The thing is, though, Google gets away with this because they hire the best of the best, and the best of the best can manage themselves pretty well. Most programmers are nowhere near as talented as the ones working at Google, they're the ones who need to be supervised. Managers are for programmers who write code that ends up on The Daily WTF, which is many of them.
I suspect that's what's going on here. Of course a bunch of MIT students can just hop on a project and be productive, that's why they're going to MIT. This result does not apply to the world at large.
Having said that though, I bet some of the techniques they used would apply to the world at large. I for one am going to see what I can learn from this with regards to getting people up-to-speed on new projects.
Dislike the Electoral College? Lobby your state to join the National Popular Vote Interstate Compact.
They all worked on small projects. Where the mythical man-month applies is in the combined effort on a large, sufficiently complex project.
You're just quibbling about details. If they can get 40 interns to do 40 small problems quickly, they can certainly get 40 interns to do 10 large problems even faster. Just like 9 pregnant women can make a baby in one month. Or they can keep the original 9 month schedule, but pool their efforts to create one super-huge baby.
I have been a slashdot reader since darn near the beginning (see uid). And I finally have to admit that the quality of information here has seriously gone downhill. As everyone else has rightly pointed out, the article is bogus. They didn't break Brooke's law.
Just yesterday a server I administer which runs a very non-optimized PHP and graphics and database heavy site was linked in a story on the front page. The server barely noticed the load. A hit every other second or so. And it was a direct link, no coral caching or whatever. I remember a day when slashdot had enough readers to utterly destroy a single server. It looks like a lot of people have taken off. If this continues I may have to take off too. As it is reddit, hackernews, and many other tech news sites with superior content in my rss feed are competing with slashdot for my eyeballs. I may finally have to trim slashdot from the list if this keeps up.

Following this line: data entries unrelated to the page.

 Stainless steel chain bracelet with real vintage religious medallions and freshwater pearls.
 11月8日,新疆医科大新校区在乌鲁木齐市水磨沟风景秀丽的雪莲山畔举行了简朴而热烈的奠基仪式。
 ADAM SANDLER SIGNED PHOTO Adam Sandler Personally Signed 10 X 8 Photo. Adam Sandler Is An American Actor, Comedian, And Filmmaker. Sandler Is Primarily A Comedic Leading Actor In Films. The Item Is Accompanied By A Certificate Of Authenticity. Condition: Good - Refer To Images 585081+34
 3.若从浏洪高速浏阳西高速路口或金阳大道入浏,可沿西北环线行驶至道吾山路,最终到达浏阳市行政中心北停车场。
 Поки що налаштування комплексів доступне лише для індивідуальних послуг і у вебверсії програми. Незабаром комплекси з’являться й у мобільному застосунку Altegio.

Someone hand that guy a modpoint or two, because adding manpower to a late project can have beneficial effects. If, and only if, it is done sensibly.

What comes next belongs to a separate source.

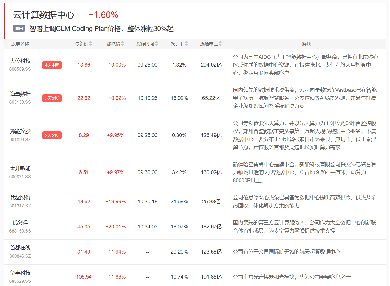 文章核心观点 - 2月12日,算力产业链(包括CPO、液冷、云计算等)多板块集体大涨,多只相关个股涨停或大幅上涨 [1] - 市场行情受到政策支持、AI模型能力升级与涨价、海外龙头财报超预期、以及大厂持续投入等多重积极事件的共同驱动 [1][2][3][4] - 机构认为,AI应用落地与技术迭代驱动算力需求持续高增,产业链价值重估,云计算、液冷等关键环节将充分受益 [4][5] 市场行情表现 - 2月12日,算力产业链如CPO、液冷、云计算等多板块集体大涨 [1] - 大元泵业、川润股份、博杰股份、优刻得(20CM)等集体涨停,申菱环境、朗进科技、依米康、首都在线、天孚通信、青云科技、英维克等集体大涨 [1] - 云计算数据中心板块指数上涨+1.60% [2] - 智谱AI于2月12日上调GLM Coding Plan价格,整体涨幅30%起 [2][3] 领涨个股详情 - **大位科技 (600589.SS)**:4天4板,最新价13.86元,涨幅+10.00%,流通市值204.92亿元,公司为国内AIDC区域优质的数据中心资源,正投建张北数据中心,绑定互联网头部客户 [2] - **海量数据 (603138.SS)**:5天3板,最新价22.62元,涨幅+10.02%,流通市值65.22亿元,公司为国内领先的数据技术提供商,向量数据库应用于企业级知识库问答系统解决方案 [2] - **豫能控股 (001896.SZ)**:2天2板,最新价8.29元,涨幅+9.95%,流通市值126.49亿元,公司筹划参股先天算力,并以先天算力为主体,在河北怀来投建数据中心 [2] - **金开新能 (600821.SS)**:最新价6.51元,涨幅+9.97%,流通市值130.02亿元,旗下新疆哈密智算中心是公司在算力领域打造的大型数据中心,总占地9万平方米,规划算力80000P以上 [2] - **慈磊股份 (301317.SZ)**:最新价48.62元,涨幅+19.99%,流通市值25.38亿元,公司磁悬浮离心热泵已具备为数据中心提供热回收一体化解决方案的能力 [2] - **优刻得 (688158.SS)**:最新价45.05元,涨幅+20.01%,流通市值182.67亿元,公司为国内领先的第三方云计算服务商,是太空算力网络联合体首批成员 [2] - **首都在线 (300846.SZ)**:最新价31.49元,涨幅+11.94%,流通市值123.58亿元,公司有位于文昌国际航天城的航天超算中心 [2] - **华丰科技 (688629.SS)**:最新价105.54元,涨幅+11.86%,流通市值191.85亿元,公司主营光连接器和光模块,是华为公司供应商 [2] 驱动事件与政策 - 2月11日,国务院以深化拓展“人工智能+”、全方位赋能千行百业为主题,进行第十八次专题学习 [3] - 国务院国资委提出,中央企业要强化投资牵引,积极扩大算力有效投资,推进“算力+电力”协同发展 [3] - 2月11日,智谱发布新一代旗舰模型GLM-5,在Coding与Agent能力上取得开源SOTA表现,在真实编程场景的使用体感逼近Claude Opus 4.5 [3] - 当地时间2月11日,受2025财年第四季度财报超预期以及强劲的业绩指引驱动,美股液冷龙头维谛技术高开高走大涨超24%,再创历史新高 [3] - 字节跳动豆包大模型2.0初定2月14日正式发布 [3] 行业趋势与机构解读 - 春节期间大厂总计投入45亿元争夺AI入口,算力需求将持续高增 [4] - 算力需求爆发源于AI应用落地与技术迭代双重驱动,产业链从上游芯片到下游服务全面受益 [4] - AI Agent时代对基础设施的弹性调度、状态保持、知识记忆等要求持续提升,推动云计算厂商加大算力投入 [4] - 超级AI App单用户指令算力消耗远超传统ChatBot,进一步放大需求缺口 [4] - AI产业链通胀传导持续,从存储、CPU逐步蔓延至云计算服务,AWS开启涨价打破行业二十年价格下行惯例,带动产业链价值重估 [5] - 全球云计算市场保持高增长,2024年规模达6929亿美元(同比+20.3%),中国市场规模8288亿元(同比+34.4%),预计2030年全球接近2万亿美元、中国突破3万亿元 [5] - 国内厂商将充分受益于算力建设浪潮,阿里云通过弹性沙箱调度、扩容机制等保障AI Agent高效运行,腾讯云2025年大模型产品收入两年增长50倍,AI及SaaS产品订单翻倍 [5] - 海内外资本开支持续高增推动AIDC全产业链放量,液冷作为关键增量环节,技术路线向冷板、微通道、浸没式多元化发展 [5] - 微通道液冷效率比传统冷板提升40%-60%,正从实验室走向规模化应用 [5] - 800VHVDC供电方案因高效率、低成本优势,渗透率将在2026-2027年快速提升,国内厂商预计2026年下半年实现首批发货 [5]

Hire someone who makes sure the programmers have all the pizza and egg rolls they need so they ain't going to be distracted by having to call the pizza place for one. You all know how much time is killed with you get interrupted by something important. Like, say, a rumbling stomach. It takes ages to get back into the code afterwards.
But more sensibly, fire all the paper pushers and hire project managers worth their salt. And I don't mean "idiots that can set arbitrary milestones". We got plenty of those. A good project manager makes or breaks the project. What I need from a project manager is:
1) Making sure I have the hardware and software I need. Not "the company thinks I need". The ones I need.
2) Making sure external sources keep their deadlines or route around those bottlenecks. Know what makes most of my software late? That I finish my modules only to hear "uh... testing can't commence, we're waiting on something from X." A good PM knows that BEFORE it happens and tells you to drop that module and work on this one instead, because the guys at Y are done and we could start testing that part instead.
3) Most important: SHIELD ME FROM POINTLESS MEETINGS and go there for me. And there, his answers are "no". "Can't do that". And "has to be done on your end". I.e. the crap I usually get to hear in those meetings.
If necessary, hire more PMs. Not more programmers.
We used to have a Bill of Rights. Now, with the rights gone, all we have left is the bill.